IT - from a derivative function to a strategic contributor

Having traced the historical path how the theories of strategic management evolved over time, now let us raise some important questions: how does corporate strategy relate to Strategic IT planning? In the backdrop of the over-arching corporate strategy, what is the position of the IT division or department as a strategic contributor? According to the popular belief of the past century, IT is a passive enabler or supporter to the overall strategic management schema with least direction-enforcing capabilities. But it is not true any more. Now, it is not a subsidiary or supportive appendage to the key business functions like manufacturing, logistics and finance. The corporate analysts who once viewed IT as one playing subservient or adpative role, gradually started talking about IT’s alignment and collaboration with business. With IT experiencing massive evolutionary and revolutionary change over the past few decades, that too at an unprecedented speed, the environmental and structural dynamics have undergone a sea change. From just playing a mere passive and supportive role, IT as a discipline has been, at a fast pace, emerging as a strategic collaborator or partner in  managing strategies for many corporations. The fact is that IT is now playing proactive and dominant roles in shaping organizational strategies and defining competitive advantage.

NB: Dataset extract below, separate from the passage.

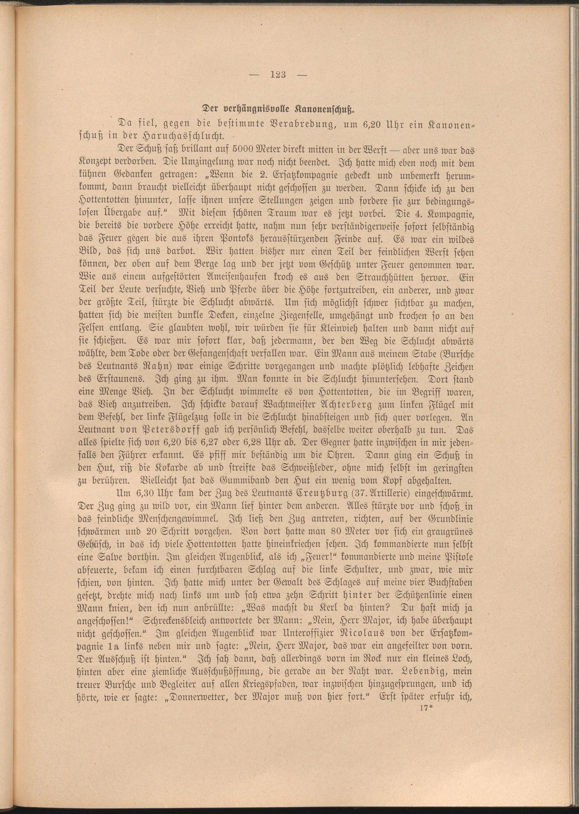 Der Schuß saß brillant auf 5000 Meter direkt mitten in der Werft — aber uns war das Konzept verdorben. Die Umzingelung war noch nicht beendet. Ich hatte mich eben noch mit dem kühnen Gedanken getragen: „Wenn die 2. Ersatzkompagnie gedeckt und unbemerkt herumkommt. dann braucht vielleicht überhaupt nicht geschossen zu werden. Dann schicke ich zu den Hottentotten hinunter, lasse ihnen unsere Stellungen zeigen und fordere sie zur bedingungslosen Übergabe auf." Mit diesem schönen Traum war es jetzt vorbei. Die 4. Kompagnie, die bereits die vordere Höhe erreicht hatte, nahm nun sehr verständigerweise sofort selbständig das Feuer gegen die aus ihren Pontoks herausstürzenden Feinde auf. Es war ein wildes Bild. das sich uns darbot. Wir hatten bisher nur einen Teil der feindlichen Werft sehen können, der oben auf dem Berge lag und der jetzt vom Geschütz unter Feuer genommen war. Wie aus einem aufgestörten Ameisenhaufen kroch es aus den Strauchhütten hervor. Ein Teil der Leute versuchte, Vieh und Pferde über die Höhe fortzutreiben, ein anderer, und zwar der größte Teil. stürzte die Schlucht abwärts. Um sich möglichst schwer sichtbar zu machen, hatten sich die meisten dunkle Decken, einzelne Ziegenfelle, umgehängt und krochen so an den Felsen entlang. Sie glaubten wohl. wir würden sie für Kleinvieh halten und dann nicht auf sie schießen. Es war mir sofort klar. daß jedermann, der den Weg die Schlucht abwärts wählte, dem Tode oder der Gefangenschaft verfallen war. Ein Mann aus meinem Stäbe (Bursche des Leutnants Nahn) war einige Schritte vorgegangen und machte plötzlich lebhafte Zeichen des Erstaunens. Ich ging zu ihm. Man konnte in die Schlucht Hinuntersehen. Dort stand eine Menge Vieh. In der Schlucht wimmelte es von Hottentotten, die im Begriff waren, das Vieh anzutreiben. Ich schickte darauf Wachtmeister Achterberg zum linken Flügel mit dem Befehl, der linke Flügelzug solle in die Schlucht hinabsteigen und sich quer vorlegen. An Leutnant von Petersdorff gab ich persönlich Befehl, dasselbe weiter oberhalb zu tun. Das alles spielte sich von 6,20 bis 6,27 oder 6,28 Uhr ab. Der Gegner hatte inzwischen in mir jedenfalls den Führer erkannt. Es pfiff mir beständig um die Ohren. Dann ging ein Schuß in den Hut. riß die Kokarde ab und streifte das Schweißleder, ohne mich selbst im geringsten zu berühren. Vielleicht hat das Gummiband den Hut ein wenig vom Kopf abgehalten.

The factors that make IT strategic

Let us try to enumerate the factors that contribute in making IT’s role as strategic, by turning it into a driver of competitive forces.

Enabler of business process efficiency – With the unprecedented growth and development of IT - in the spheres of hardware, software, operating system, ERP , ITIL /ITSM, project management methodologies – it has become the enabler and enhancer of business processes that drive the critical success factors and define the competitive advantage.
Cooperative Information systems – Competitive strategies for exploiting synergies with customers and suppliers generally concentrate upon the integrative effectiveness of the business processes. IT made this Inter-organizational and intra-enterprise integration possible. For example, the ERP system seamlessly integrates vital key processes like manufacturing, logistics, finance, supply-chain,CRM and others. On the other hand, the advanced middleware architectures and web services make integration and collaboration between disparate business systems and applications a reality, unleashing a synergic force.
IT‘s progression in the CMM path - The CMM maturity model, which is based on CobiT Framework, discusses five evolutionary stages of progression of information technology. The maturity level ranges from Initial or Ad hoc (1) – Repeatable(2) – Defined(3)- Managed/Measured(4)- Optimized (5), in terms of software development capability. Higher the maturity level of IT as a division or department, higher is the strategic planning capability of the IT organization, higher they are likely to leverage IT for strengthening their competitive advantage.
Identity of IT as one being service oriented – Unlike in mid eighties when IT was merely considered as infrastructure provider or repository of data, now information technology has evolved into a service provider. Any outcome of IT is recognized as a‘service’, an entity that can be standardized, commoditized, transacted, evaluated and professionally managed. The evolution of ITIL and the ISTM system had strengthened the aspects of service orientation of the discipline.
IT’s power to add unique value and create bargaining advantage – IT has been capable of sharpening corporate bargaining advantage by encapsulating unique ‘knowledge-driven’ value within the products and services, which make switching to another competitor costly for a customer. In other words, this value addition amounts to a kind of product differentiation; so that for a customer it increases the switching cost to another competitor. IT is no more meant for ‘data’ storage, nor even for providing discrete ‘information’ systems, but it has matured into providing an aggregative ‘knowledge system’. It has been a journey from mastering ‘data’ to harnessing ‘information’, and then to rendering a solution packaged with ‘knowledge’. Now, IT applications are packaged with advanced help system, training manuals, workflow guide and elaborate intelligence and support framework. This capability adds a qualitative layer and a distinct value addition, there by providing the organizations the opportunity to differentiate in production and services offering and define a unique scheme of competitive advantage.
Internet, IT’s own power-dome – It is IT’s own landscape, the internet, where corporate battles are increasingly launched. More and more organizations are choosing the cyberspace as their competitive platform. More an organization uses internet in its business process,  the IT - as the department or a division – inescapably plays more strategic role, which  makes 'Strategic IT' a pulsating reality.